What the Normal Distribution Calculator Does
The normal distribution (also called the Gaussian or bell curve) describes how many natural and statistical quantities — heights, test scores, measurement errors — cluster symmetrically around an average. This calculator takes a single point on that curve and tells you three things at once: the probability density at your X value, the cumulative probability up to it, and its z-score. You only need three inputs to get started.
- Mean (μ): the centre of the distribution, where the curve peaks.
- Standard Deviation (σ): how spread out the data is. This must be greater than 0.
- X Value: the specific point on the distribution you want to evaluate.
The Formula Behind It
The probability density function (PDF) is:
f(x) = (1 / (σ√(2π))) · e^(−½((x−μ)/σ)²)
The calculator evaluates this PDF at your X value, computes the cumulative distribution function (CDF) — the area under the curve from −∞ up to X, i.e. the probability of a value being less than or equal to X — and finds the z-score using:
- z = (x − μ) / σ — how many standard deviations X sits from the mean.
It also plots the bell curve across μ ± 4σ so you can see exactly where your X value falls.
Worked Example
Suppose exam scores have a Mean (μ) of 70 and a Standard Deviation (σ) of 10, and you want to evaluate an X value of 85.
- Z-score: (85 − 70) / 10 = 1.5
- PDF f(85): ≈ 0.0130 — the height of the curve at 85.

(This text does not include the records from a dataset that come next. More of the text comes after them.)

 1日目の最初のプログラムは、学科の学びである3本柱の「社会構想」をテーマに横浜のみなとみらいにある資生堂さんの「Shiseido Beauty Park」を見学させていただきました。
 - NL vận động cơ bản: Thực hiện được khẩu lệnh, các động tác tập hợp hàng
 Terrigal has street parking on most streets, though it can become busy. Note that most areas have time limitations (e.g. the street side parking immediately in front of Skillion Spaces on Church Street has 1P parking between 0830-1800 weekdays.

- CDF: ≈ 0.9332 — meaning about 93.3% of scores fall at or below 85, so roughly 6.7% scored higher.
This instantly tells you that a score of 85 is in the top 7% of the class.

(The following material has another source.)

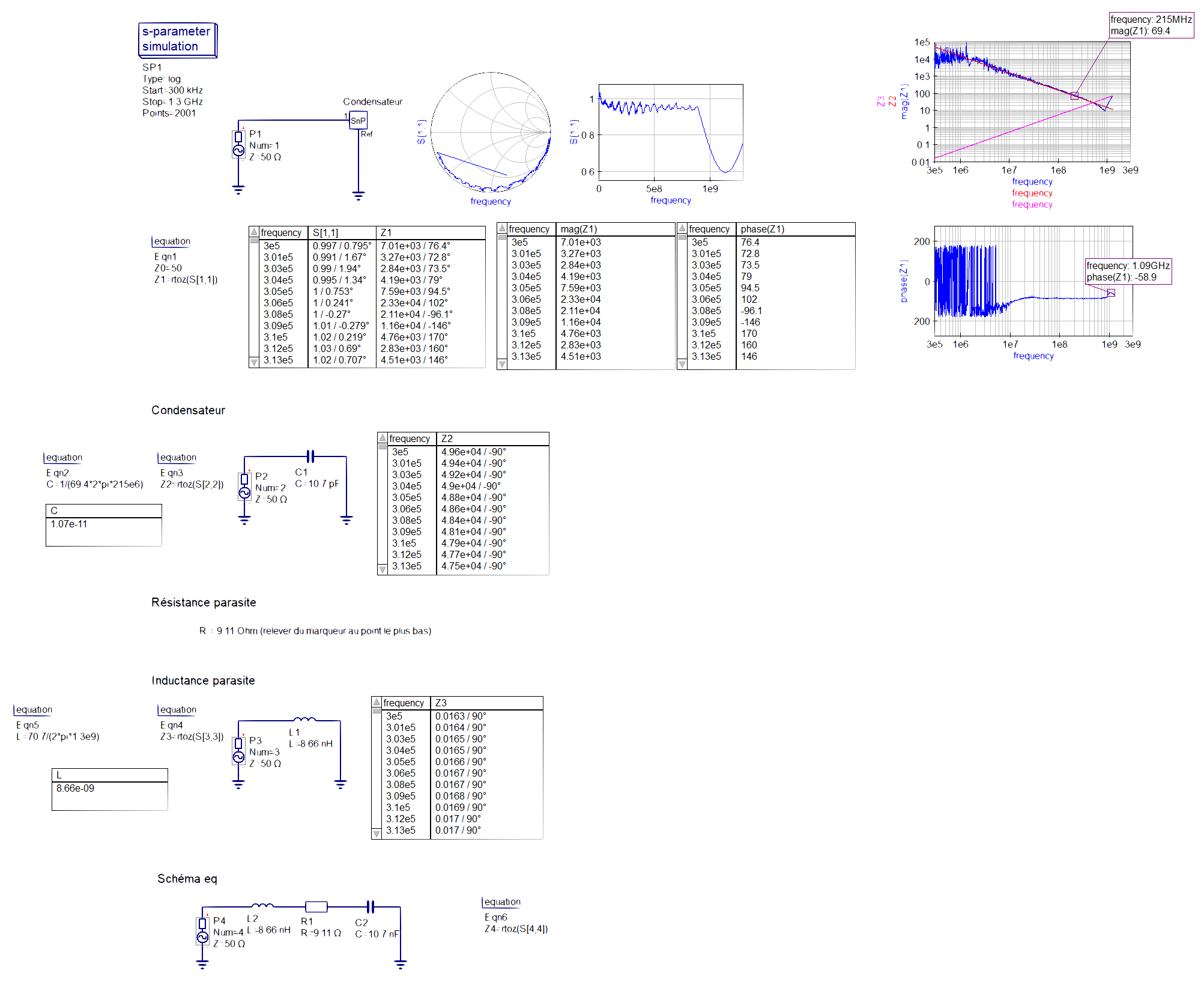 La quatrième partie consiste à calculer l'inductance parasite du condensateur se fait à l'aide d'un point judicieusement placé comme expliqué précédament, et de la formule de l'impédance d'une bobine : L = R/ω = 70,7/2*pi*1,3e9 = 8,66nH.

Frequently Asked Questions
What is the difference between PDF and CDF? The PDF gives the relative likelihood (height of the curve) at one exact point, while the CDF gives the accumulated probability of all values up to and including X. For probabilities you usually want the CDF.
Why must the standard deviation be greater than 0? A standard deviation of zero would mean no variation at all, making the formula divide by zero. The distribution only makes sense with a positive spread.
How do I find the probability above my X value? Subtract the CDF from 1. In the example above, P(X > 85) = 1 − 0.9332 = 0.0668, or about 6.7%.